In effetti, i numeri della Carige parlano chiaro. Negli ultimi cinque anni la banca ligure ha bruciato capitali per quattro miliardi: se nel 2013 l'istituto valeva in Borsa circa 2 miliardi di euro, oggi le sue quotazioni raggiungono appena 124 milioni con una perdita che supera il 95%. E non poteva essere diversamente guardando in retrospettiva cosa è successo a Genova. Tutto è precipitato con la gestione di Giovanni Berneschi finito poi in carcere. Per la verità, il nuovo consiglio d'amministrazione, guidato da Cesare Castelbarco come presidente e da Piero Montani come amministratore delegato, aveva cercato prontamente di correre ai ripari varando prima un aumento da 800 e successivamente da 850 milioni, così come richiesto dalla Bce. Inoltre aveva raggiunto un accordo sindacale senza un'ora di sciopero per l'esodo di 600 dipendenti e aveva ceduto il ramo assicurativo al fondo d'investimento statunitense Apollo. Come conseguenza dell'ultima operazione, Castelbarco & C. si sono invece beccati successivamente una denuncia miliardaria con l'accusa di avere favorito la vendita agli americani.


Sempre nel 2016, in febbraio, lo stesso fondo Apollo aveva avanzato una sua proposta d'acquisto, attraverso un aumento di capitale, dichiarandosi pronto a rilevare anche i crediti deteriorati della banca con una iniezione di denaro complessiva per circa un miliardo e 250 milioni.

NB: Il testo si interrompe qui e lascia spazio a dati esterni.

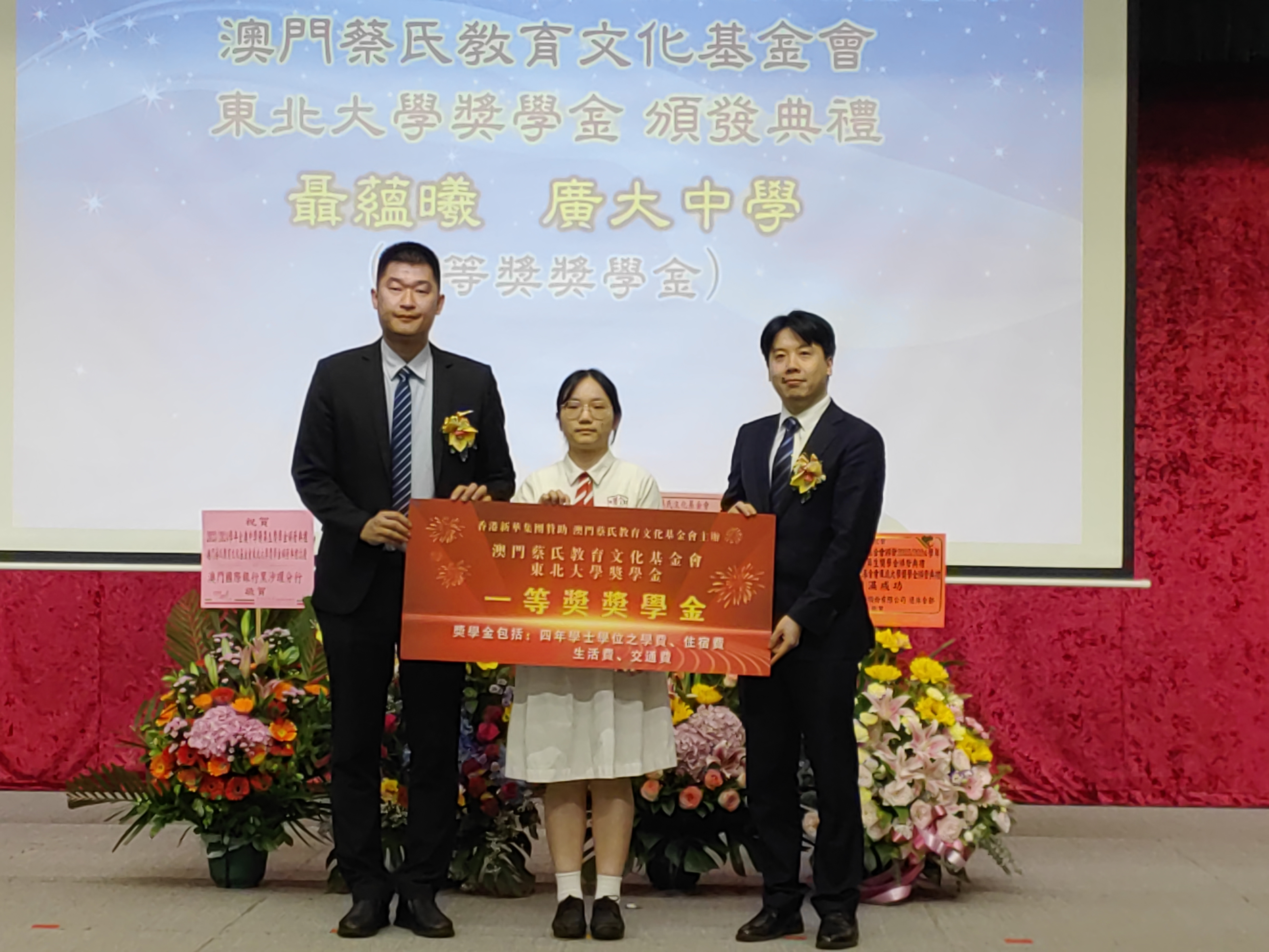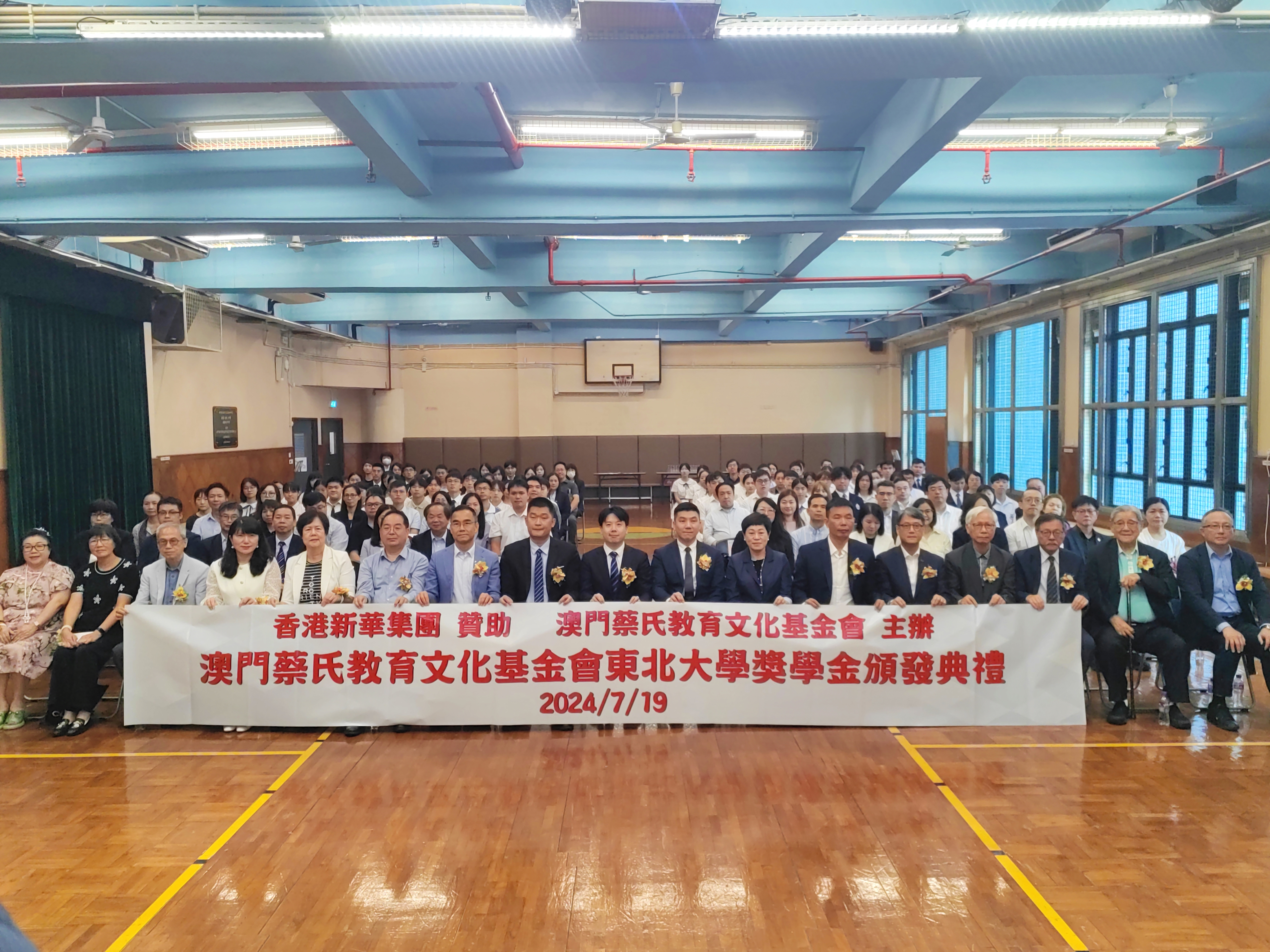 【即時新聞】由香港新華集團贊助,澳門蔡氏教育文化基金會主辦的2023—2024學年全澳中學優異生獎學金頒獎禮下午假新華夜中學舉行,來自不同校的五十三位學生獲獎;同場舉辦澳門蔡氏教育文化基金會東北大學獎學金頒獎,有三名學生獲得一等獎和一名學生獲得二等獎。

Ma, nel frattempo, al timone dell'istituto ligure era arrivato un altro azionista di controllo, la famiglia Malacalza. Ergo: l'offerta Usa non viene neppure trattata con la controparte dal nuovo consiglio d'amministrazione dove Giuseppe Tesauro e Guido Bastianini erano, nel frattempo, subentrati a Castelbarco e Montani. A quel punto, tutto tace ed è, così, trascorso inutilmente un altro anno. La situazione è diventata sempre più allarmante e, per cercare di «correre ai ripari», è stato nuovamente cambiato l'amministratore delegato: al posto di Bastianini, è il turno di Paolo Fiorentino. Adesso, sul filo di lana, è arrivato l'accordo che ha sbloccato l'ennesimo aumento di capitale: stavolta, sarà di 560 milioni e partirà mercoledì prossimo. Con la speranza che non sia davvero troppo tardi.